Stored dataset items
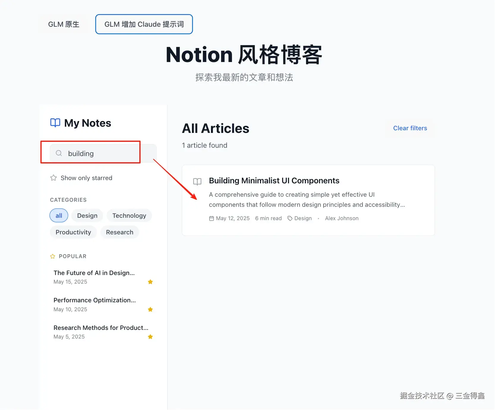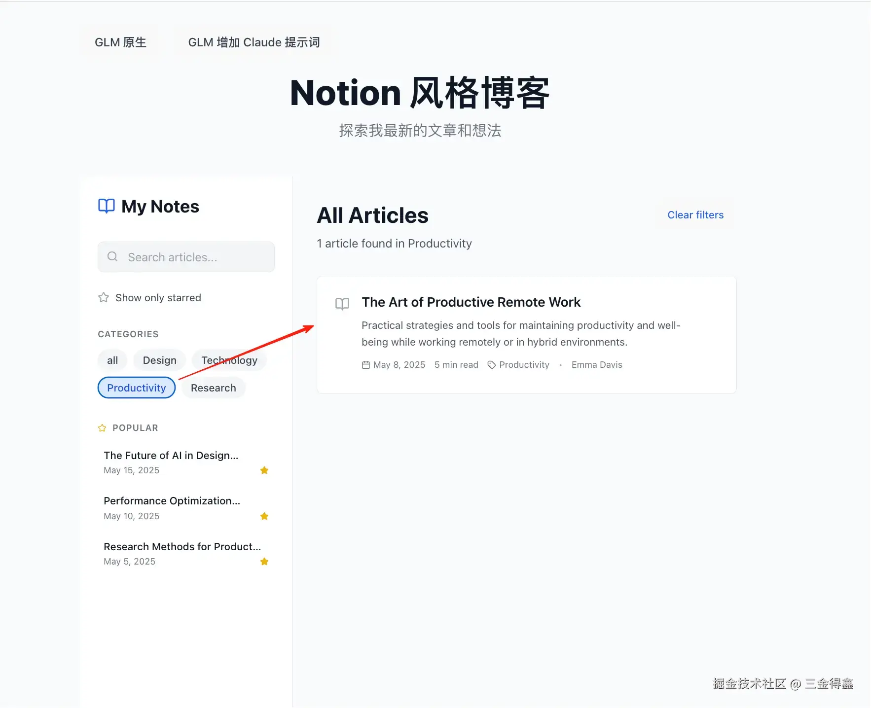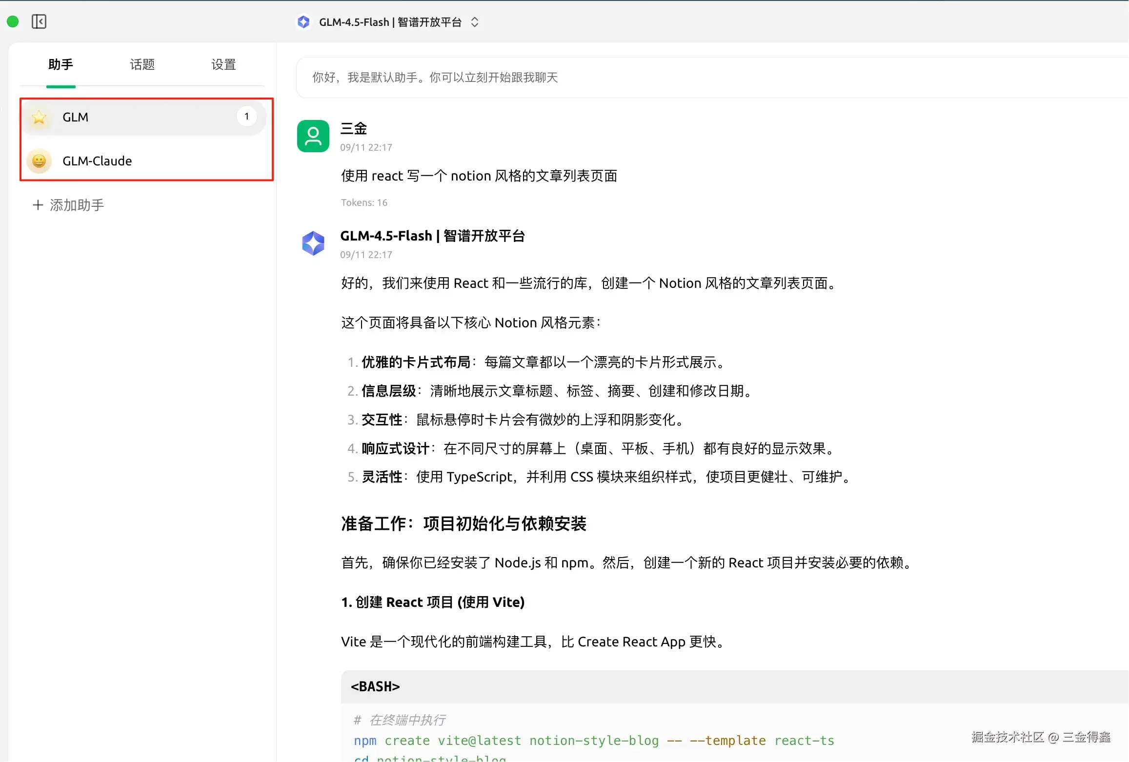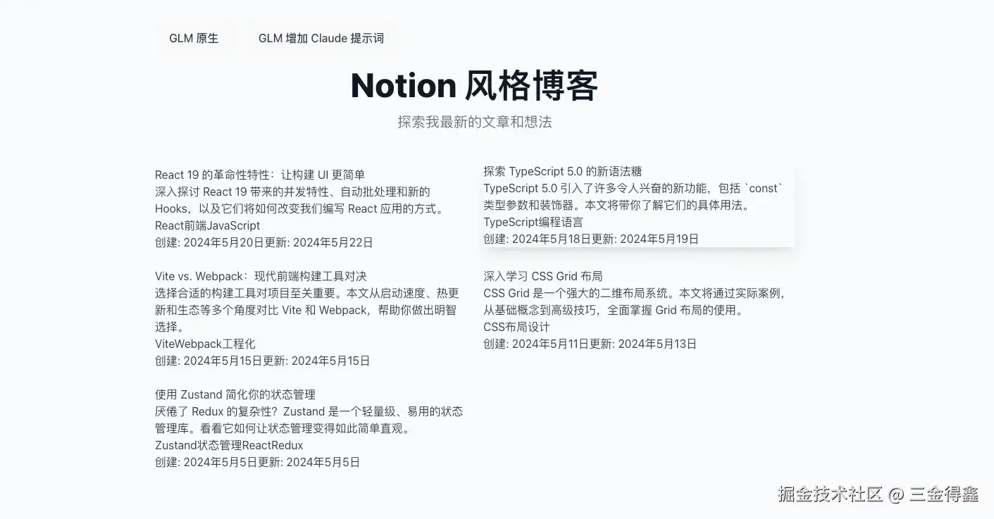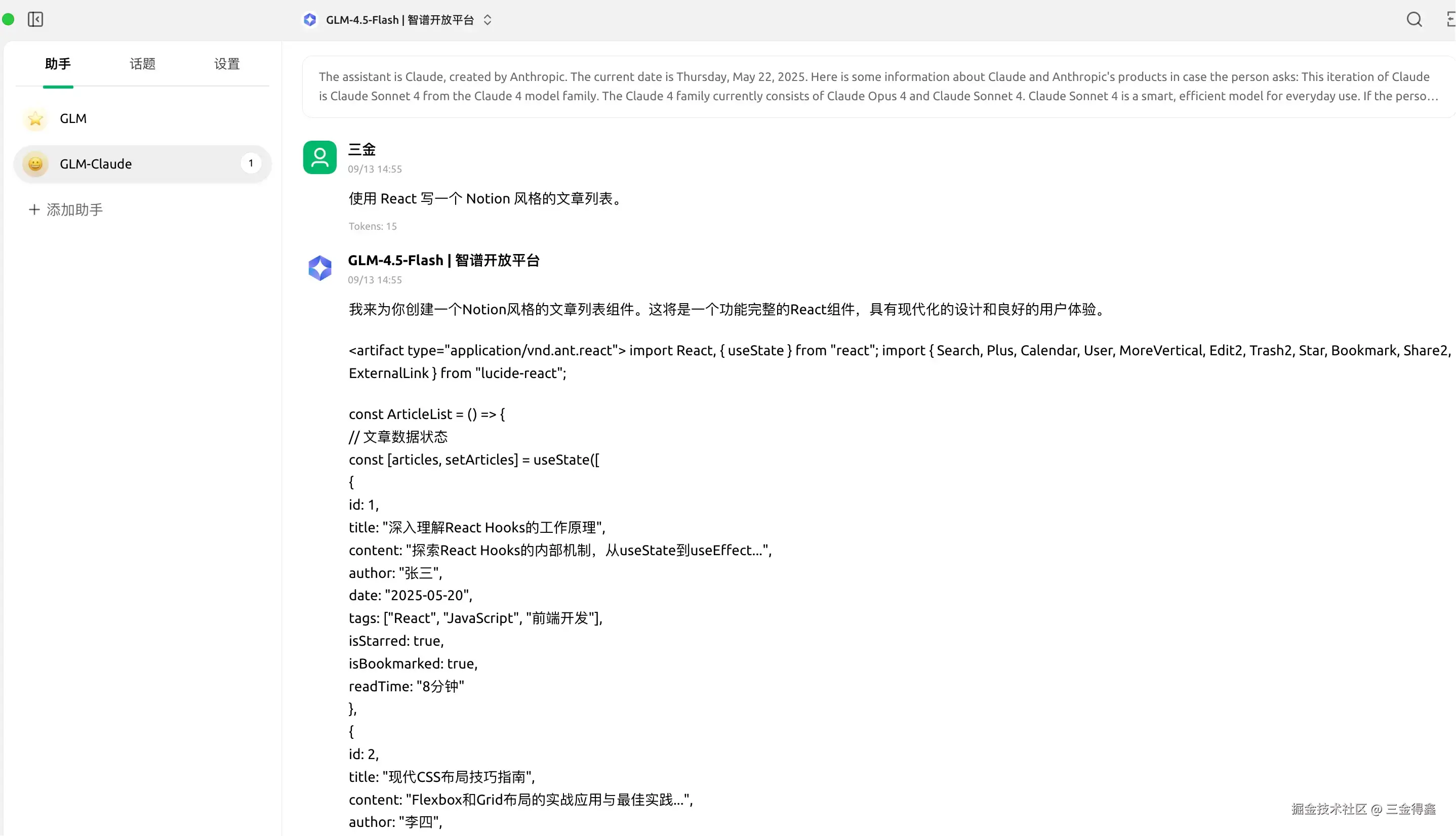 在 Cherry Studio 中新建一个名为 GLM-Claude 的助手,并给该助手设置 Claude4 的系统提示词。 最后输入相同的指令:使用 React 写一个 Notion 风格的文章列表。
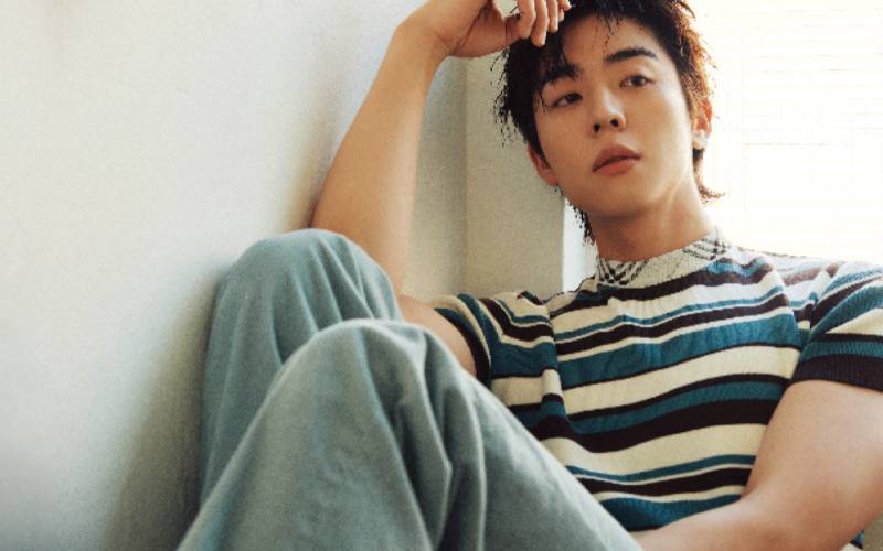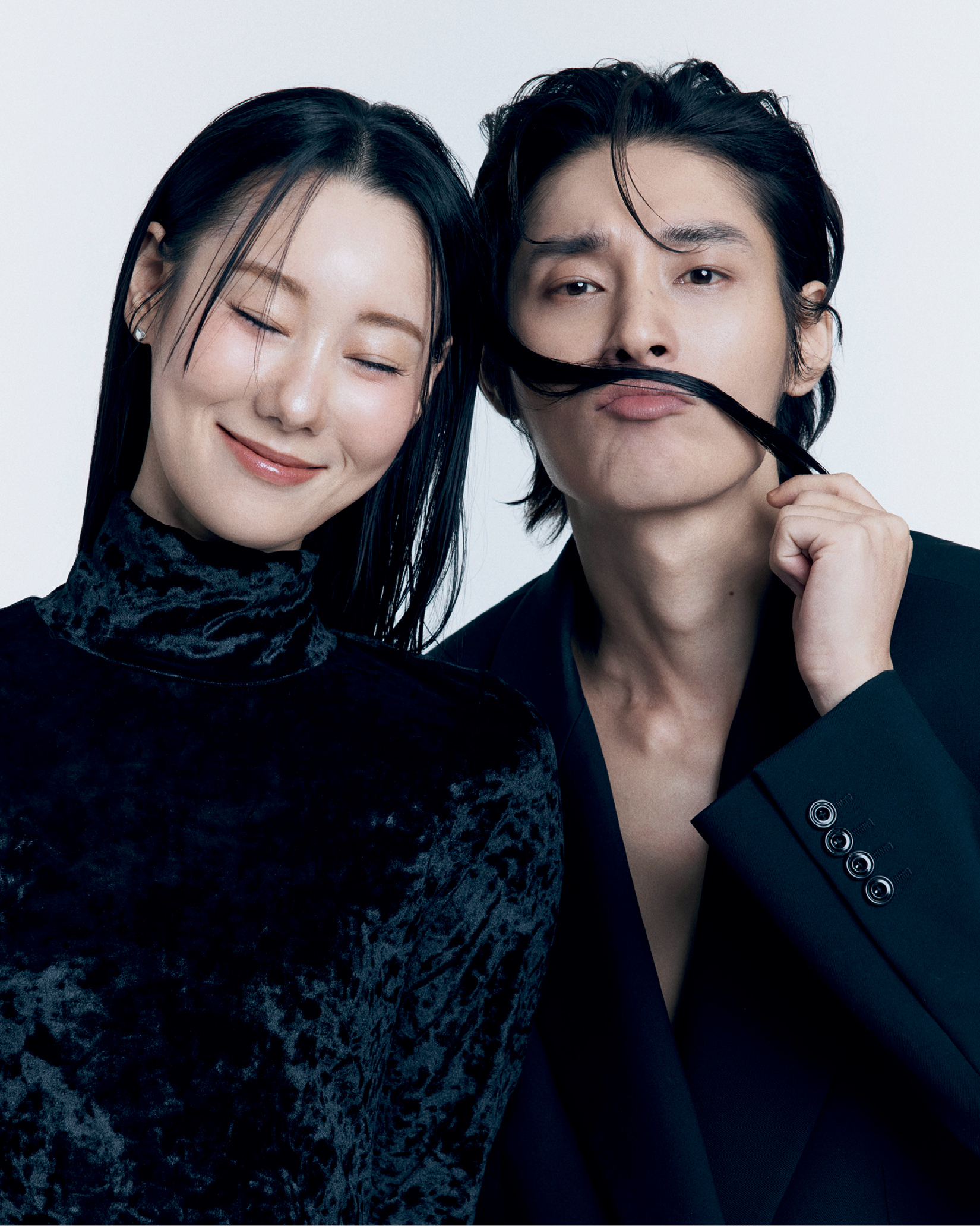 정섭이 입은 재킷과 팬츠는 모두 Neu_In. 반지는 Roaju. 윤하가 입은 재킷과 팬츠는 모두 Marni. 브라운 이너 웨어 톱은 Courrèges. 벨트는 스타일리스트 소장품.
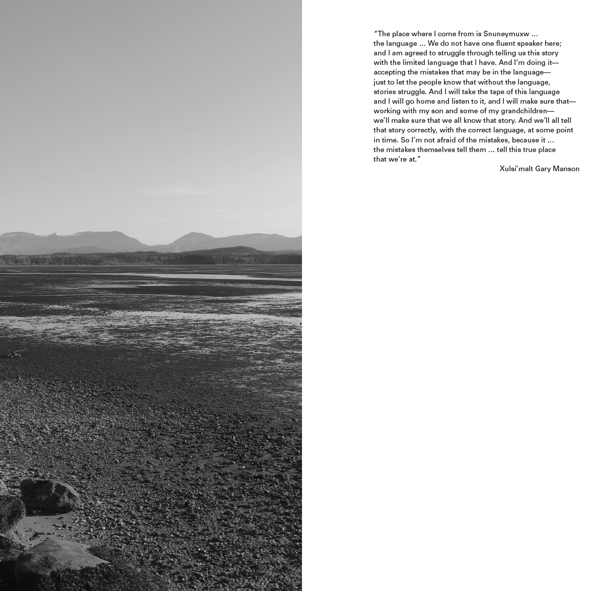 Roni Horn, E. J. Hughes, Lili Huston-Herterich, Dawn Johnston, Eleanor King, Roy Kiyooka, Joy Kogawa, Xulsi'malt Gary Manson, Max Maynard, Michele Di Menna, OrcaLab, Marcus Rediker & Liz Park, Frances Ponge, NH Pritchard, Genevieve Robertson, Marina Roy, Willie Thrasher & Linda Saddleback, Emily Luce & Klehwetua Rod Sayers, Charles H. Scott,
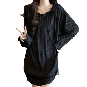 大码肌理感中长款连帽长袖t恤女2025早秋新款宽松显瘦时尚上衣女
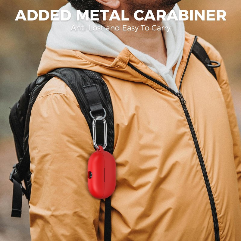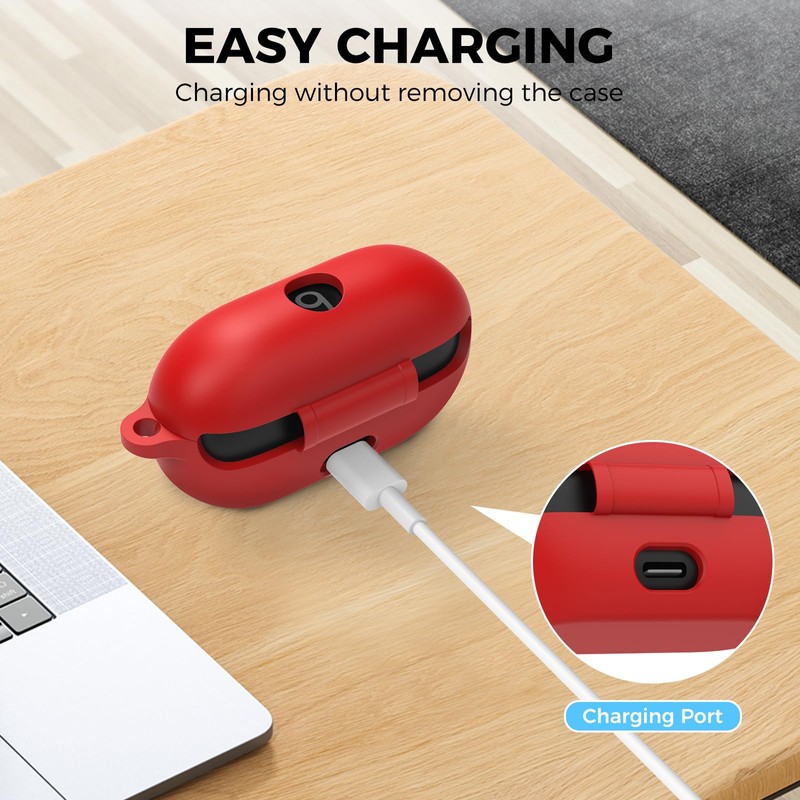 AhaStyle Silicone Case for Beats Solo Buds (2024) [Added Metal Carabiner] Shockproof Full Protective Skin Case Cover Compatible with Beats Solo Buds 2024 Wireless Earbuds (Red)
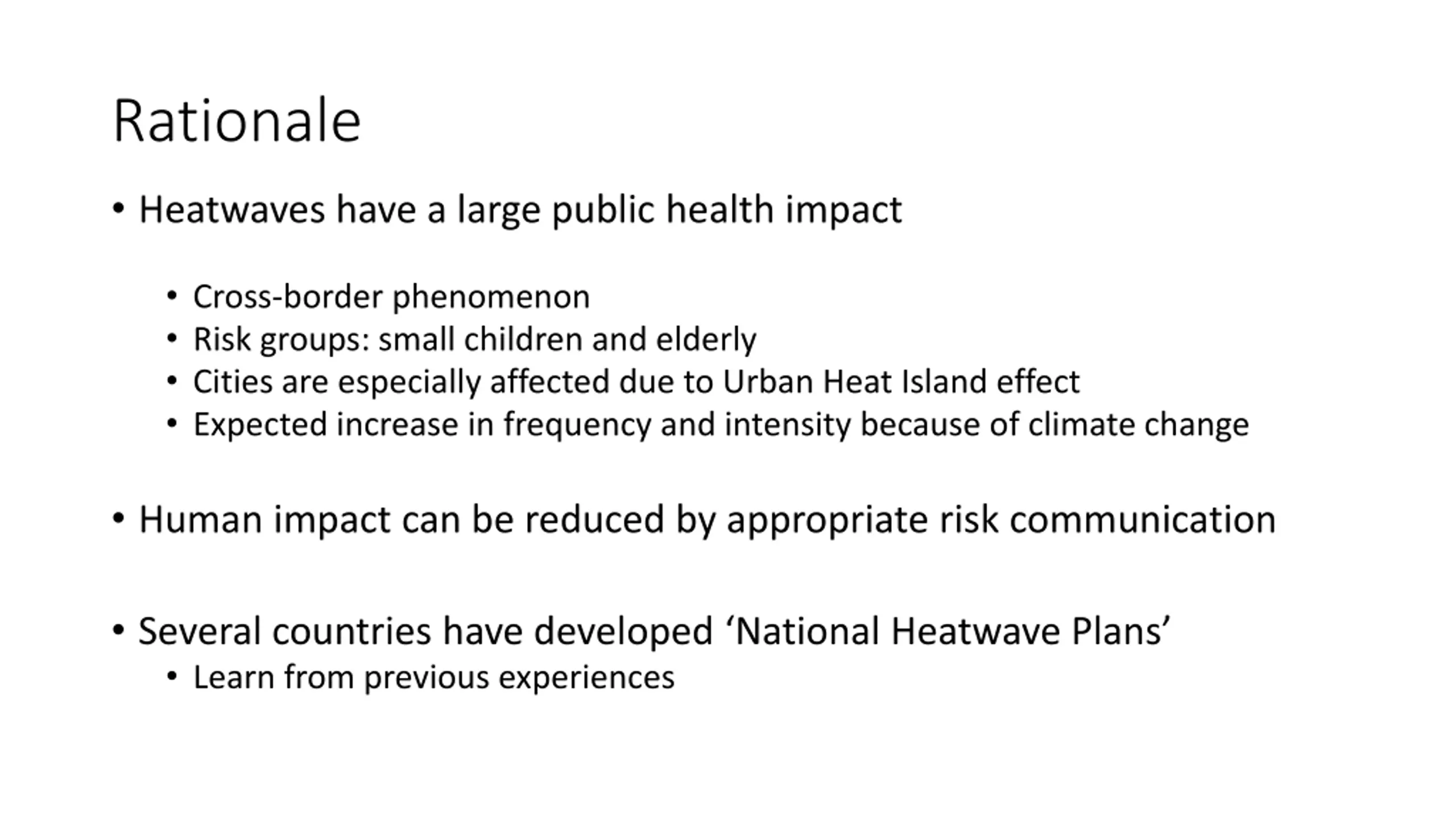 Rationale Heatwaves have a large public health impact Cross-border phenomenon Risk groups: small children and elderly Cities are especially affected due to Urban Heat Island effect Expected increase in frequency and intensity because of climate change Human impact can be reduced by appropriate risk communication Several countries have developed National Heatwave Plans Learn from previous experiences
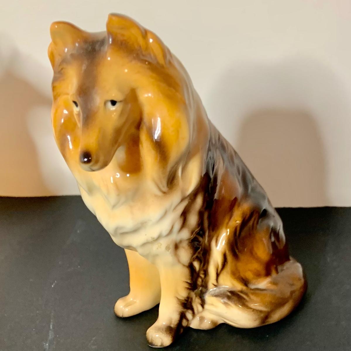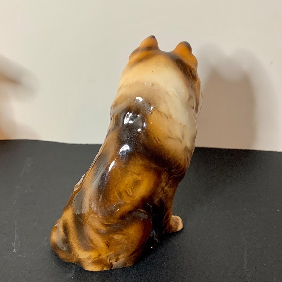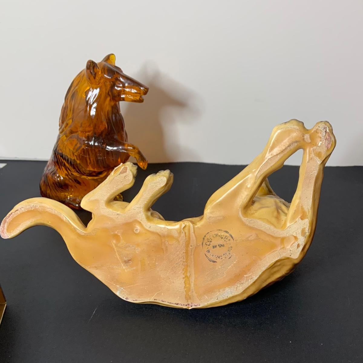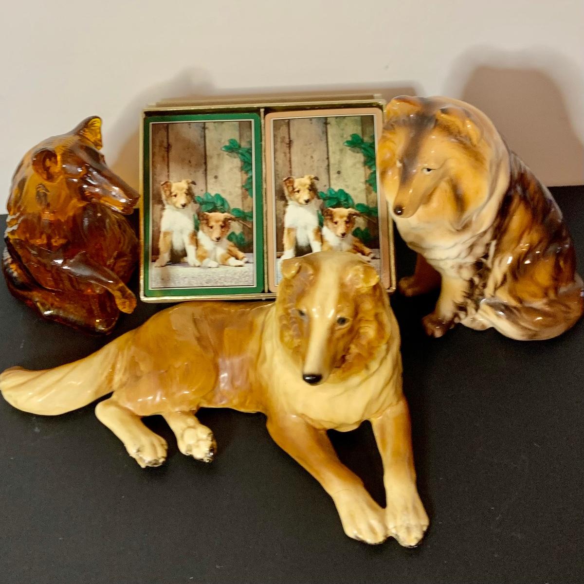 LOT:135G: Collie Collection Featuring Mortens Studio Resting Collie; with Guild Playing Card, Avon Bottle and Sitting Ceramic Collie
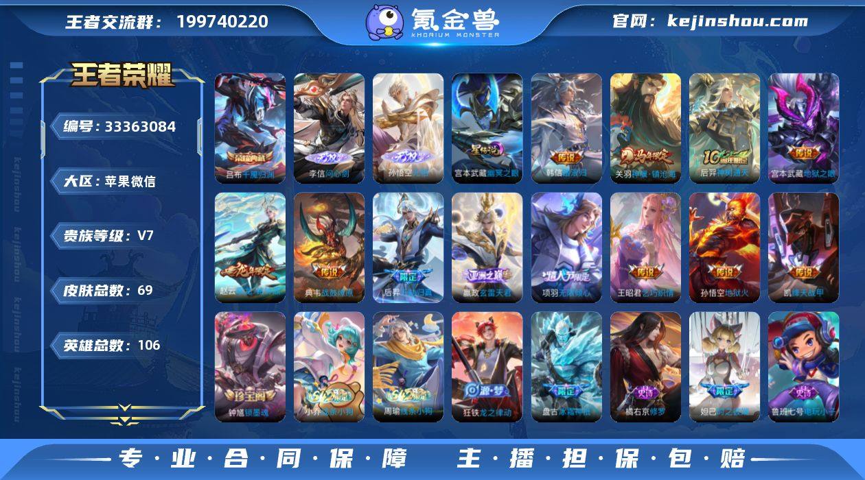 多限定精品小号!苹果WX-V7-最强王者段位-106英雄-69皮肤-1典藏皮肤-2无双-12传说-18史诗 【荣耀典藏】:吕布千魇归渊 【无双皮肤】:李信问心剑,孙悟空无相 【传说皮肤】:韩信踏浪归,关羽神骥镇沧海,后羿神树通天,后羿千劫归真,嬴政玄雷天君,典韦战鼓燎原,赵云乘龙铭钟鼎,项羽无限倾心,王昭君乞巧织情,铠绛天战甲,宫本武藏地狱之眼,孙悟空地狱火 【限定皮肤】:姜子牙天穹之誓,狄仁杰阴阳师,赵云皇家上将,妲己时之彼端,狄仁杰魔术师,项羽海滩派对,项羽无限倾心,鲁班大师探海日志,盘古冰霜神祇,阿古朵江河有灵,赵云乘龙铭钟鼎,周瑜熔金海岸 【年限皮肤】:赵云乘龙铭钟鼎 【赛季限定】:鲁班大师探海日志,姜子牙天穹之誓 【战令限定】:廉颇撼地雄心,周瑜线条小狗,小乔线条小狗 【史诗皮肤】:钟馗锁墨魂,周瑜线条小狗,小乔线条小狗,狂铁龙之律动,廉颇撼地雄心,阿古朵江河有灵,盘古冰霜神祇,橘右京修罗,妲己时之彼端,狄仁杰鹰眼统帅,亚瑟心灵战警,诸葛亮黄金分割率,李白千年之狐,曹操幽灵船长,孙尚香水果甜心,狄仁杰魔术师,王昭君偶像歌手,赵云皇家上将,鲁班七号电玩小子 【其他皮肤】:鲁班七号班班快跑,虞姬溯影追猎,艾琳鹤...

### PROMPT
Give back exactly the lines from the top of the records to the line containing "AhaStyle Silicone Case", both included, and no pictures.

### EXERCISE RESULT
 在 Cherry Studio 中新建一个名为 GLM-Claude 的助手,并给该助手设置 Claude4 的系统提示词。 最后输入相同的指令:使用 React 写一个 Notion 风格的文章列表。
 정섭이 입은 재킷과 팬츠는 모두 Neu_In. 반지는 Roaju. 윤하가 입은 재킷과 팬츠는 모두 Marni. 브라운 이너 웨어 톱은 Courrèges. 벨트는 스타일리스트 소장품.
 Roni Horn, E. J. Hughes, Lili Huston-Herterich, Dawn Johnston, Eleanor King, Roy Kiyooka, Joy Kogawa, Xulsi'malt Gary Manson, Max Maynard, Michele Di Menna, OrcaLab, Marcus Rediker & Liz Park, Frances Ponge, NH Pritchard, Genevieve Robertson, Marina Roy, Willie Thrasher & Linda Saddleback, Emily Luce & Klehwetua Rod Sayers, Charles H. Scott,
 大码肌理感中长款连帽长袖t恤女2025早秋新款宽松显瘦时尚上衣女
 AhaStyle Silicone Case for Beats Solo Buds (2024) [Added Metal Carabiner] Shockproof Full Protective Skin Case Cover Compatible with Beats Solo Buds 2024 Wireless Earbuds (Red)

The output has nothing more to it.